1988 film by George Schaefer

Laura Lansing Slept Here is a 1988 American made-for-television comedy film starring Katharine Hepburn and directed by George Schaefer which premiered on NBC on March 7, 1988. It was written by James Prideaux and co-stars Joel Higgins, Karen Austin, Brenda Forbes and Hepburn's grandniece Schuyler Grant.

==Plot==
Hepburn stars as Laura Lansing, a wealthy, world-famous pampered novelist who faces the crisis of her career when her publisher rejects her latest book. Faced with retirement, she makes a bet to prove that she has not lost touch with her readers: she will live with a middle-class family in the suburbs for seven days or give up writing forever. In the home of Walter and Melody Gomphers, Lansing turns the family's life upside down with her outlandish behavior.
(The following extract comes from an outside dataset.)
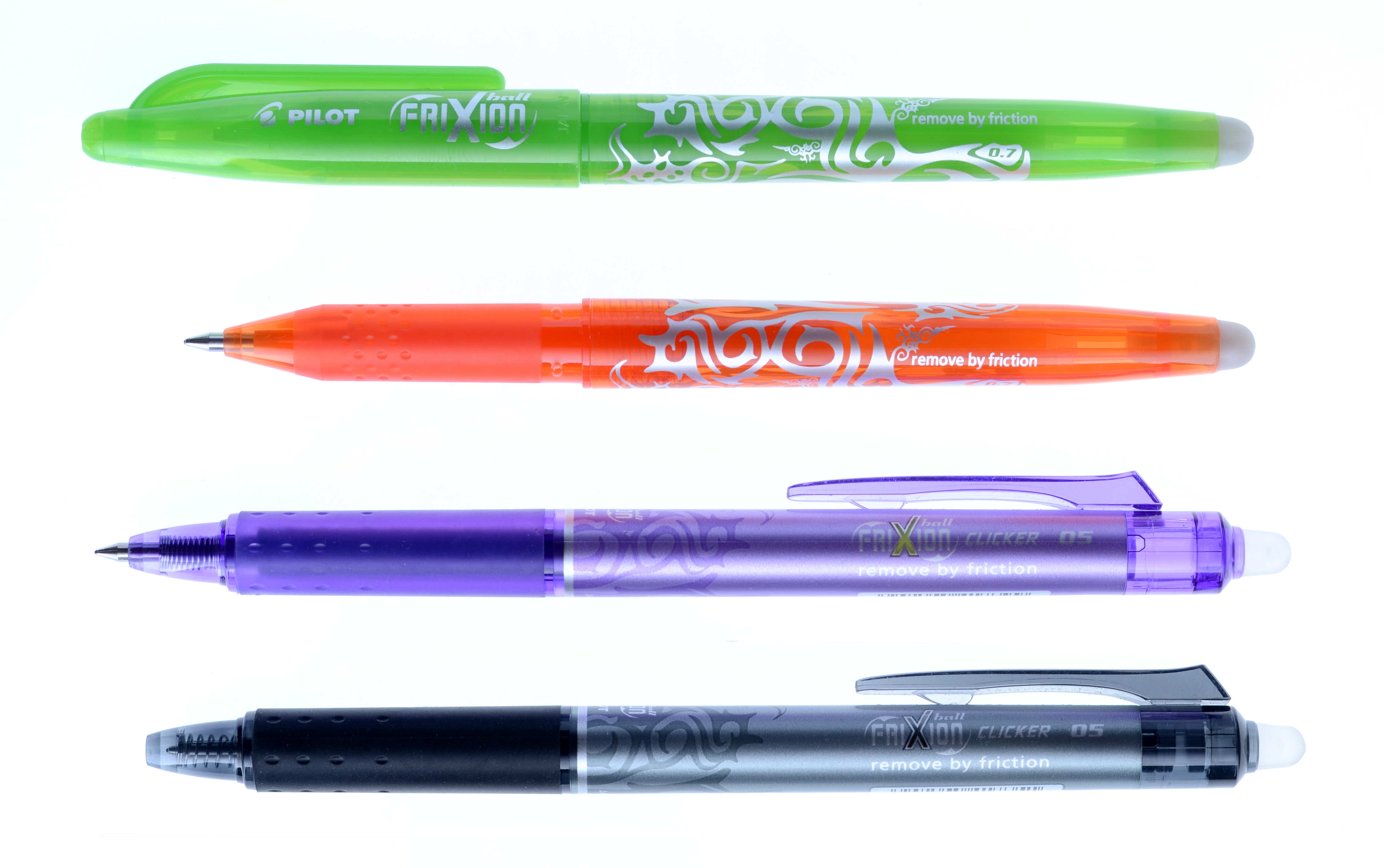 Two different types of Pilot Frixion pens by Pilot (pen company)
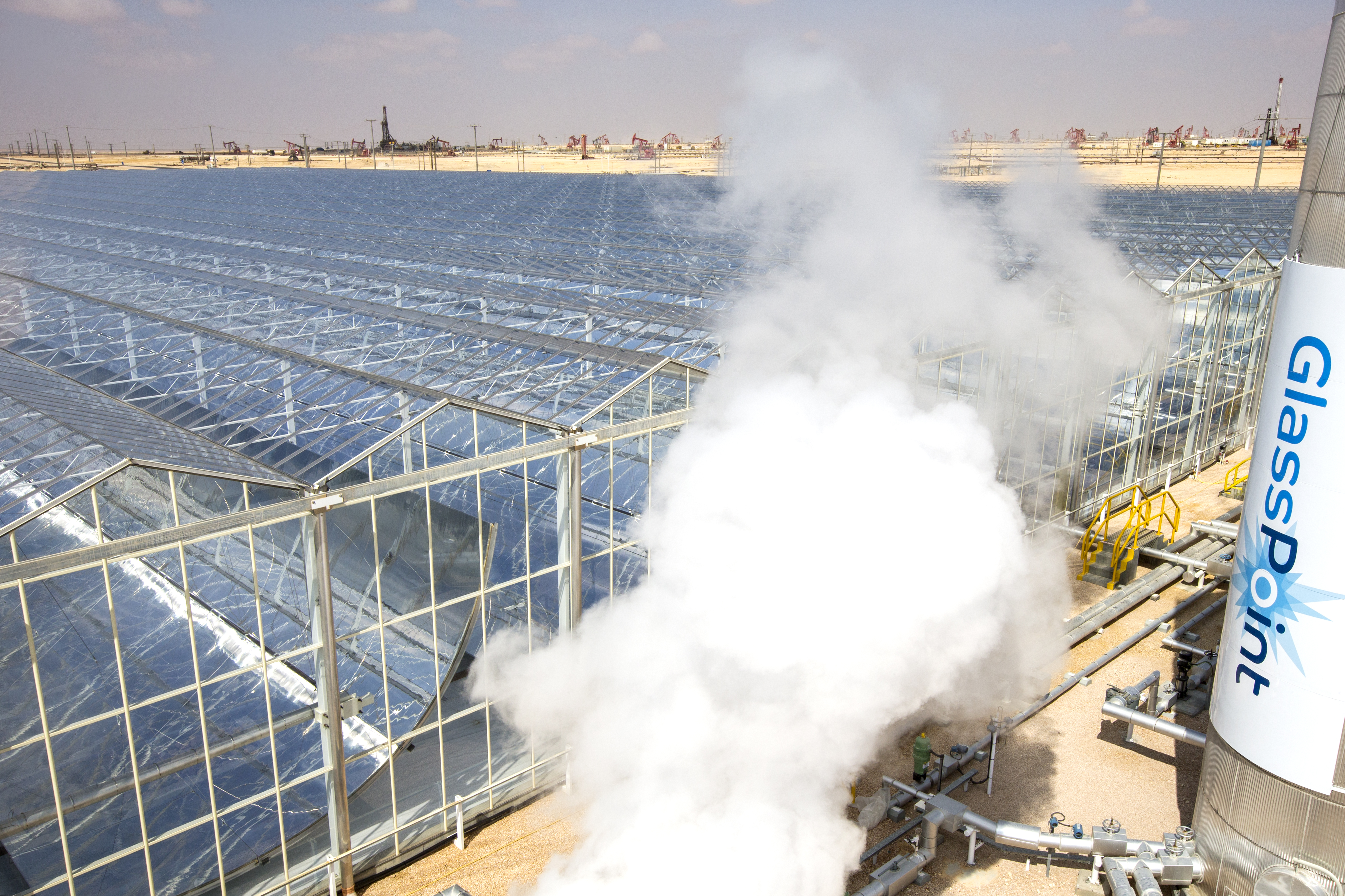 A solar enhanced oil recovery (EOR) site in Amal, Oman that concentrates sunlight to generate steam for EOR. Developed by GlassPoint Solar.

She struggles to relate to their children, meddles in the couple's marital matters and jeopardizes the conditions of her bet.

==Cast==
- Katharine Hepburn as Laura Lansing
- Karen Austin as Melody Gomphers
- Brenda Forbes as Doris
- Joel Higgins as Walter Gomphers
- Lee Richardson as Larry Baumgartner
- Nicolas Surovy as Conway
- Schuyler Grant as Annette Gomphers

==Reception==
A reviewer from The New York Times noted that Hepburn essentially "played herself" in the movie, and that "it's to Katharine Hepburn's credit that she was able to make so much out of so little."